=== WORK REQUIRED ===
For this exercise, reproduce the records exactly as they stand and do not carry any images over.

[Records from a dataset]
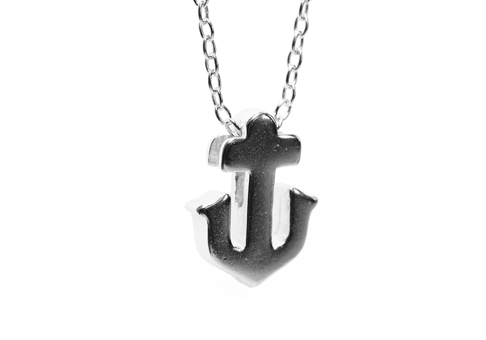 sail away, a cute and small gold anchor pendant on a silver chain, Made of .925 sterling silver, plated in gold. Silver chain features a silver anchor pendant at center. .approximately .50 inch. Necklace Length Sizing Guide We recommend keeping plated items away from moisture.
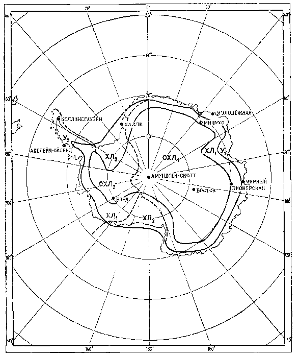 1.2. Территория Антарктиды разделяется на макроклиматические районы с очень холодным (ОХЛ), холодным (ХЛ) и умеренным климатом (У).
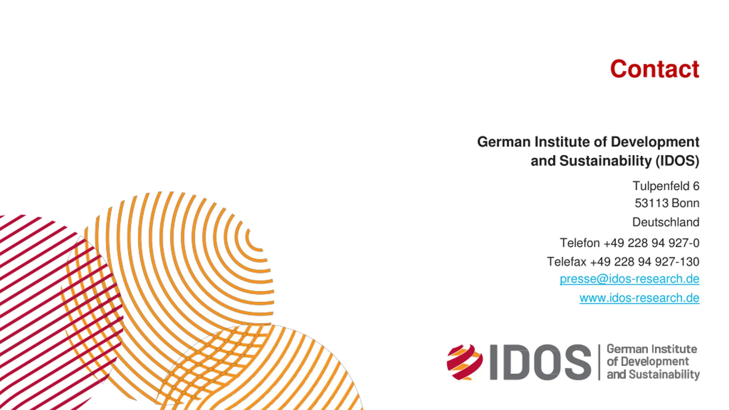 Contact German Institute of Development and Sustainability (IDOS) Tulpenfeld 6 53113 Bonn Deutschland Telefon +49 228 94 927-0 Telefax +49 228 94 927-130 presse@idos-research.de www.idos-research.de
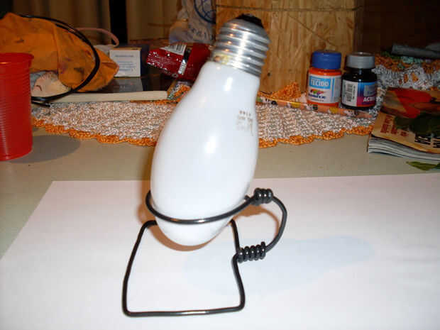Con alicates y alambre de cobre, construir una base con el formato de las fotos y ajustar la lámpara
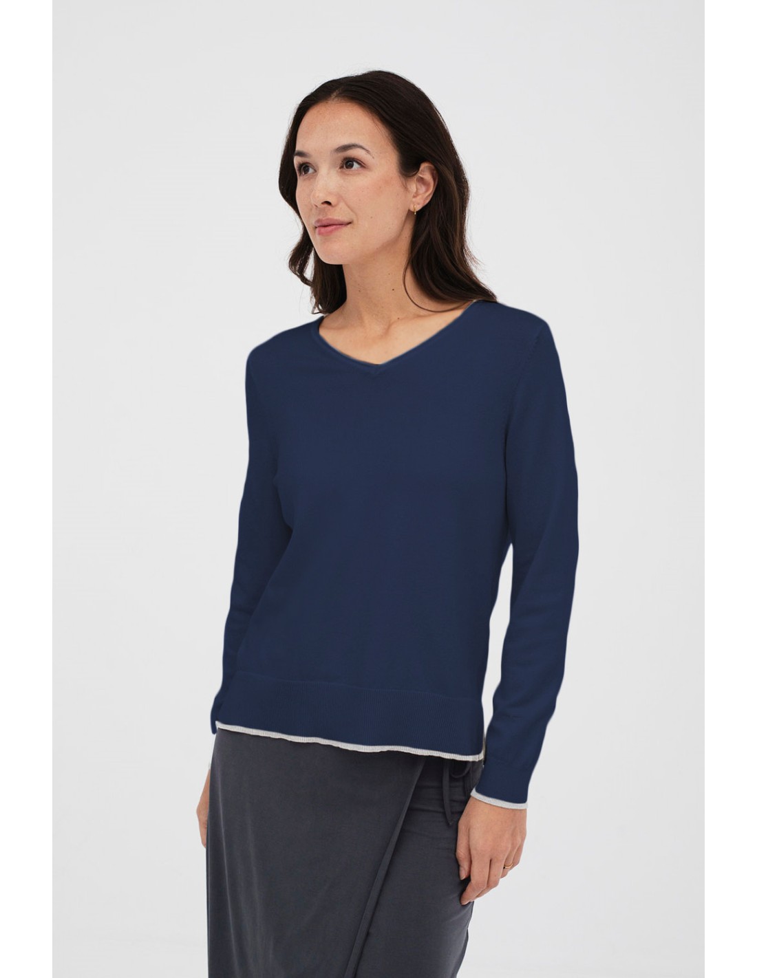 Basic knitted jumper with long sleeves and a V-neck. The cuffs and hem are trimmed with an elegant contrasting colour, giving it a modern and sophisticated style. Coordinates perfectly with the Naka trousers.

=== WRITTEN SOLUTION ===
 sail away, a cute and small gold anchor pendant on a silver chain, Made of .925 sterling silver, plated in gold. Silver chain features a silver anchor pendant at center. .approximately .50 inch. Necklace Length Sizing Guide We recommend keeping plated items away from moisture.
 1.2. Территория Антарктиды разделяется на макроклиматические районы с очень холодным (ОХЛ), холодным (ХЛ) и умеренным климатом (У).
 Contact German Institute of Development and Sustainability (IDOS) Tulpenfeld 6 53113 Bonn Deutschland Telefon +49 228 94 927-0 Telefax +49 228 94 927-130 presse@idos-research.de www.idos-research.de
Con alicates y alambre de cobre, construir una base con el formato de las fotos y ajustar la lámpara
 Basic knitted jumper with long sleeves and a V-neck. The cuffs and hem are trimmed with an elegant contrasting colour, giving it a modern and sophisticated style. Coordinates perfectly with the Naka trousers.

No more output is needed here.